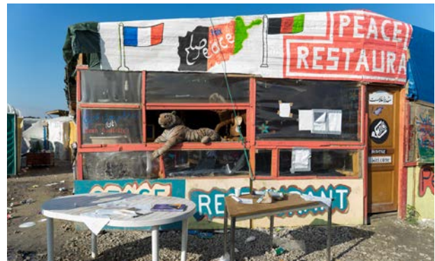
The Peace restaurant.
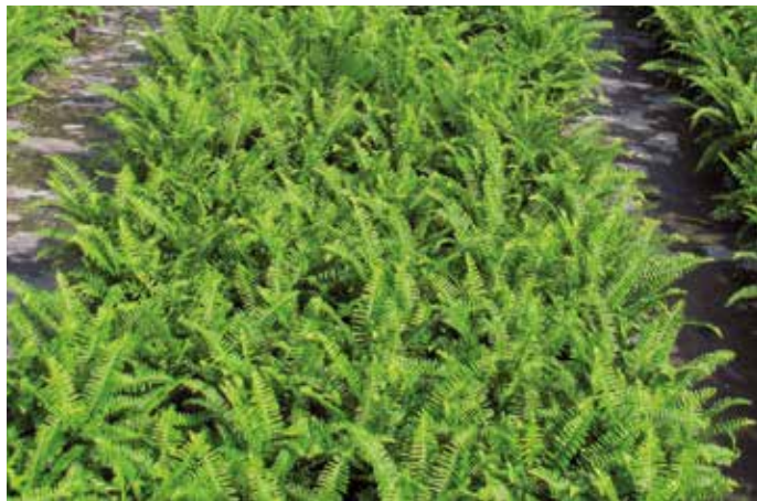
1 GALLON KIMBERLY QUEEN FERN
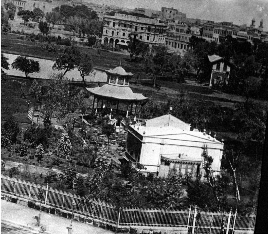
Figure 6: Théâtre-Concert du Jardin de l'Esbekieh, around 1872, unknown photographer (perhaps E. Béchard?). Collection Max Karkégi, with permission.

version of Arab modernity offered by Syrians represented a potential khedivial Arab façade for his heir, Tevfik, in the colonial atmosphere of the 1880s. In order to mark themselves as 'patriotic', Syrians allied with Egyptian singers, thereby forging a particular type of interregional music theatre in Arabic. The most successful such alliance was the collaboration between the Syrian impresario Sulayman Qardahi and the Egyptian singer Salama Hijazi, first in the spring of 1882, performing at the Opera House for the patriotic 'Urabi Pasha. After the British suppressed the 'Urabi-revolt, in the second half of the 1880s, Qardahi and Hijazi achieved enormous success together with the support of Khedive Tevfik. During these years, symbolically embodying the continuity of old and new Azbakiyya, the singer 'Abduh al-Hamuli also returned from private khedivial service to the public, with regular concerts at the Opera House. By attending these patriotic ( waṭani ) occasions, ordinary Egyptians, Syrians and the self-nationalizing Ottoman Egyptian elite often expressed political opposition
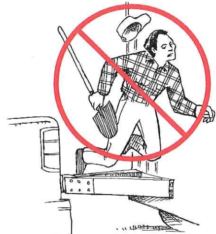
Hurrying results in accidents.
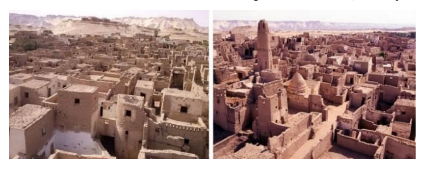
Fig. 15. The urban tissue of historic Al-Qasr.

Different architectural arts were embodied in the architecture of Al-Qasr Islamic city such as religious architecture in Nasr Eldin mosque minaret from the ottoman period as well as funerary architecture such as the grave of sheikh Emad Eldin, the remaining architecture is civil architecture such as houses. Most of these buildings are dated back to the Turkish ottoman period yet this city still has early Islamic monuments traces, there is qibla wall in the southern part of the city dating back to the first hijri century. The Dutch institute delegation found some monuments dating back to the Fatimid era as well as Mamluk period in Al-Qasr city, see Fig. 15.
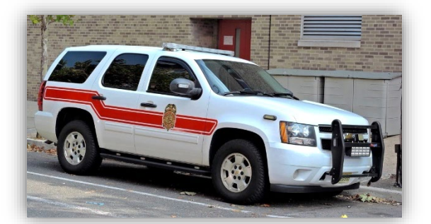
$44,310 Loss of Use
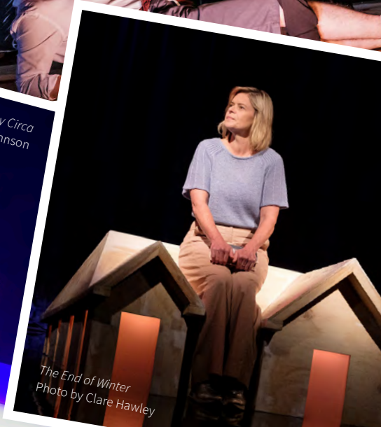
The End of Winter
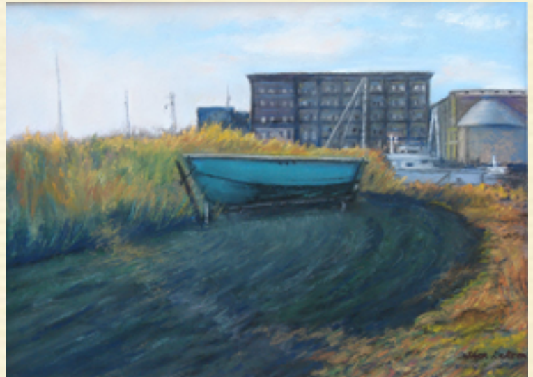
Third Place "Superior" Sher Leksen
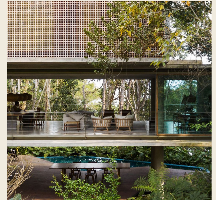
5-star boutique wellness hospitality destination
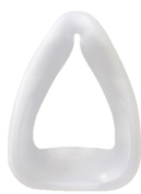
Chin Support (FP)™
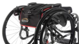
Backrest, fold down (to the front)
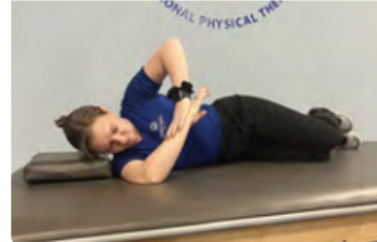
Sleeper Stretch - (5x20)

==============================

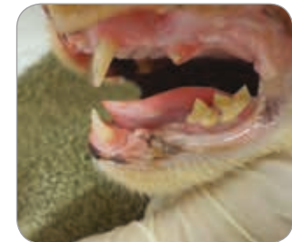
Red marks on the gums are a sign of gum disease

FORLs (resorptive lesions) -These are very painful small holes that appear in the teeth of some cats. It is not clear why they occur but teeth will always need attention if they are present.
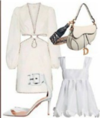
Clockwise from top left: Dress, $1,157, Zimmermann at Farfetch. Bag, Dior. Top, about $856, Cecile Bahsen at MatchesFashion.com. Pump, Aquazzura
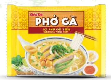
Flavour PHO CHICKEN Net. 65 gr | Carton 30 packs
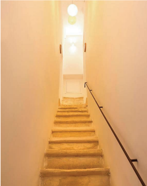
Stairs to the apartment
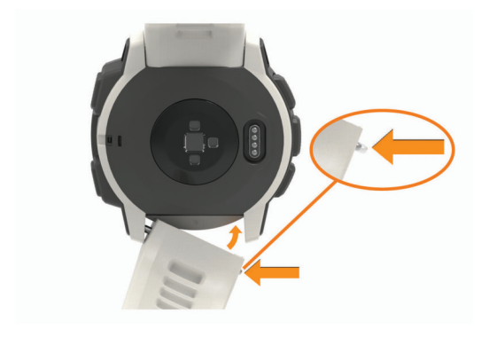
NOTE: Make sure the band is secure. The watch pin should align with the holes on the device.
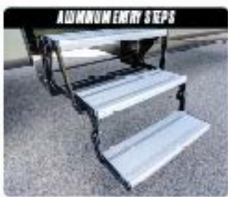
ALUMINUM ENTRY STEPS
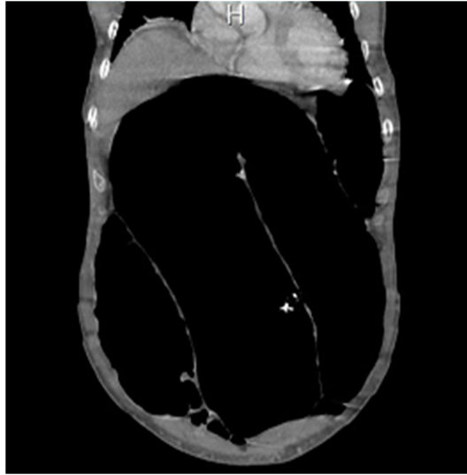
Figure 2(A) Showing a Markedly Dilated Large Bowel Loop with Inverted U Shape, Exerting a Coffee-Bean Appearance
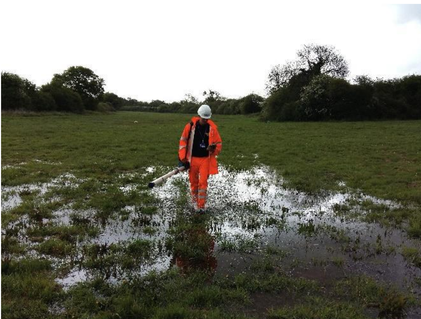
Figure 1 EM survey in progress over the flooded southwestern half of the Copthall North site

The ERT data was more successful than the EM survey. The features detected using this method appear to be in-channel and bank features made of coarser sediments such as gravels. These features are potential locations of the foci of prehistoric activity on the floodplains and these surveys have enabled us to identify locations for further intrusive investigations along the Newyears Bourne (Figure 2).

==============================

WHAT THE TASK REQUIRES: Transcribe, word for word, the lines of the listing above from the one that contains "Different architectural arts" through the one that contains "Sleeper Stretch - (5x20)", keeping both ends and dropping the pictures.

ANSWER FOR THIS EXERCISE:
Different architectural arts were embodied in the architecture of Al-Qasr Islamic city such as religious architecture in Nasr Eldin mosque minaret from the ottoman period as well as funerary architecture such as the grave of sheikh Emad Eldin, the remaining architecture is civil architecture such as houses. Most of these buildings are dated back to the Turkish ottoman period yet this city still has early Islamic monuments traces, there is qibla wall in the southern part of the city dating back to the first hijri century. The Dutch institute delegation found some monuments dating back to the Fatimid era as well as Mamluk period in Al-Qasr city, see Fig. 15.
$44,310 Loss of Use
The End of Winter
Third Place "Superior" Sher Leksen
5-star boutique wellness hospitality destination
Chin Support (FP)™
Backrest, fold down (to the front)
Sleeper Stretch - (5x20)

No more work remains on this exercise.